Michael Hann 

Avi Buffalo

Hoxton Bar and Kitchen, LondonThe Californians' teen-prodigy leader Avigdor Zahner-Isenberg could achieve anything if backed by musicians of equal calibre, writes Michael Hann
  
  


At the start of the summer, when Avi Buffalo made their bewitching London debut, it was as California psychedelic pop classicists: dreamy guitar arpeggios giving way to occasional soaring solos from Avigdor Zahner-Isenberg, their teen-prodigy leader. Three months on, much has changed: they have shed a keyboard player, they are already playing a batch of songs that didn't appear on their debut album, and Zahner-Isenberg, an extraordinary guitarist, is scaling new heights. His hands flutter up and down the fretboard, over which he hunches, his eyes screwed tight and his mouth twitching, as he wrenches cascades of notes from his instrument, soloing with equal parts beauty and violence.
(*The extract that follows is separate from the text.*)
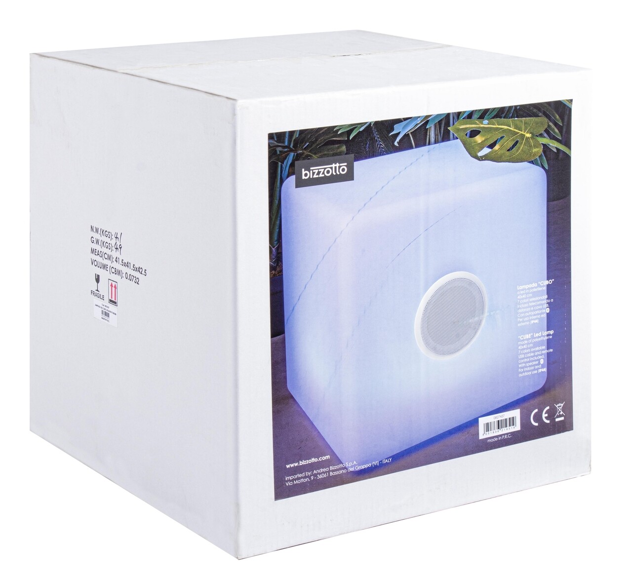 Lampa LED cu difuzor Bluetooth, Bizzotto Cube, 7 culori, cablu USB + telecomanda, 40x40x40 cm

He isn't engaging in some dry exercise in technique – he's a startlingly gifted songwriter, too, as that debut album proves. But where Buffalo Springfield might have been a model when it was recorded, Zahner-Isenberg now seems to be trying to meld Television and Crazy Horse. Truth Sets In, the album's opener, is transformed from a piece of filigree into fiery rock, and songs close in blizzards of noise. The Crazy Horse part of the equation comes from bass and drums, a sturdy platform over which Zahner-Isenberg extemporises like Tom Verlaine, his squalls sometimes drifting off towards free jazz.

The question that lies before him is whether Avi Buffalo is the best vehicle for his remarkable talent. For all that the current set-up serves his present needs, one itches to hear him alongside players who are his equals, rather than his friends – had he musicians of the calibre Verlaine had beside him in Television, then it's hard to imagine limits to what he could achieve. One doesn't wish to insult his bandmates, who are twice as powerful and effective as they were in May, but at the moment it's as if a young George Best is turning out for Shrewsbury Town: he's the whole show, and everyone knows it. Zahner-Isenberg is already streets ahead of virtually all his indie contemporaries, but there's the potential for greatness here.